Charles Cantrell
-For D.D.
Dan always wore a black leather jacket
and wore toe-less shoes
because, he said, “My toes are beautiful,
and I want people to see them.”
He once recited a poem he had written for me
while he painted his toes. I said, “You know
I’m not gay.” “Yeah,” he said, “but can’t two
unrelated men love each other not based on sex?”
Though we were best friends, I grinned
and switched the conversation to the wild
turnings and metaphors of “The Drunken Boat,”
Dan’s favorite Rimbaud poem.
We both loved Rimbaud and tried hard
to imitate his bizarre imagery.
A few years later, as Dan was dying of AIDS
I went to see him in a hospice. I held his hand.
He whispered, “I am no longer a wild river,
and I have no control.” I wanted to say, yes you do,
but I couldn’t. In Goodwill, a few months
after Dan passed, I saw a black leather jacket
that looked exactly like Dan’s. I ran my finger
down one lapel the way Dan used to do,
then I flashed to a day on the bus when Dan
opened his Rimbaud and said, “Listen to this:
I drifted on a river I could not control,
No longer guided by the bargemen’s ropes.

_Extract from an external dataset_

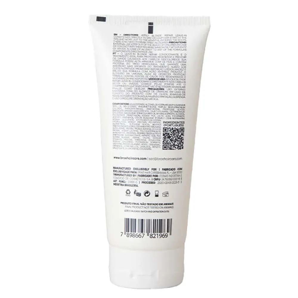 O Leave-in Blonde Repair da Braé é um condicionante sem enxágue, desenvolvido para nutrir e fortalecer cabelos loiros ou descoloridos. Ele serve para proteger os fios das agressões diárias, como poluição, calor de ferramentas térmicas e radiação UV, além de proporcionar hidratação profunda e duradoura. Este produto é ideal para quem busca manter os cabelos sempre saudáveis, sedosos e com um brilho radiante, sem comprometer a cor.
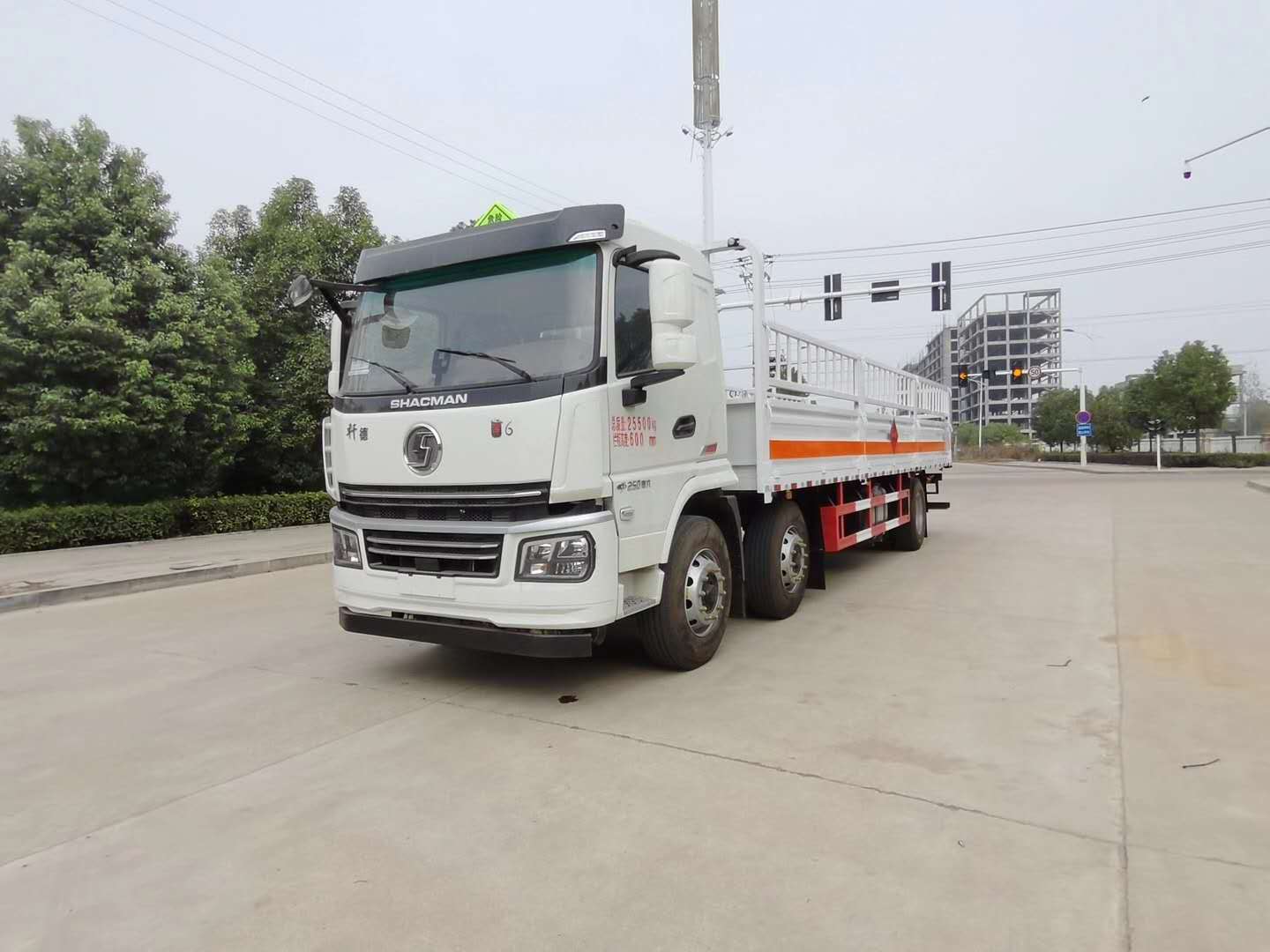 陜汽軒德三軸氣瓶運輸車采用倉欄式上裝結構,邊板對折八開門(單邊四開門),上部倉欄為活動式結構可左右翻轉(zhuǎn),外飾1.2mm厚冷軋鋼板,內(nèi)襯為矩形管骨架牢靠穩(wěn)定,底板為3mm厚花紋板(選裝5mm)。該車廂整體可適用于各種氣罐、氣瓶直立運輸,煤氣罐可兩層運輸,底板邊緣間斷式焊接固定臥環(huán),方便固定捆綁氣瓶,操作方便。

They were captured by howling Indians
(Dan’s voice rose) who nailed them naked to
colored stakes.” A woman ahead of us, a stole,
tight as a furbearing snake around her neck,
turned and said, “Please be quiet or I’ll tell
the driver.” “But I wanted everyone to hear this,”
Dan said to me, and slammed the book shut.
Charles Cantrell has poems in recent or forthcoming issues of Mudfish, Confrontation, Rumble Fish Quarterly, Mobius, Citron Review, Seven Circle Press, West Texas Literary Review, Appalachian Heritage, Pinyon Review, and Miramar Poetry Journal. A book of poetry, Wild Wreckage, will be published by Cervena Barva Press in 2019. He’s been twice nominated for a Pushcart Prize in poetry. Over the past 30 years he’s been in residency several times at Ragdale and the Virginia Center for the Creative Arts.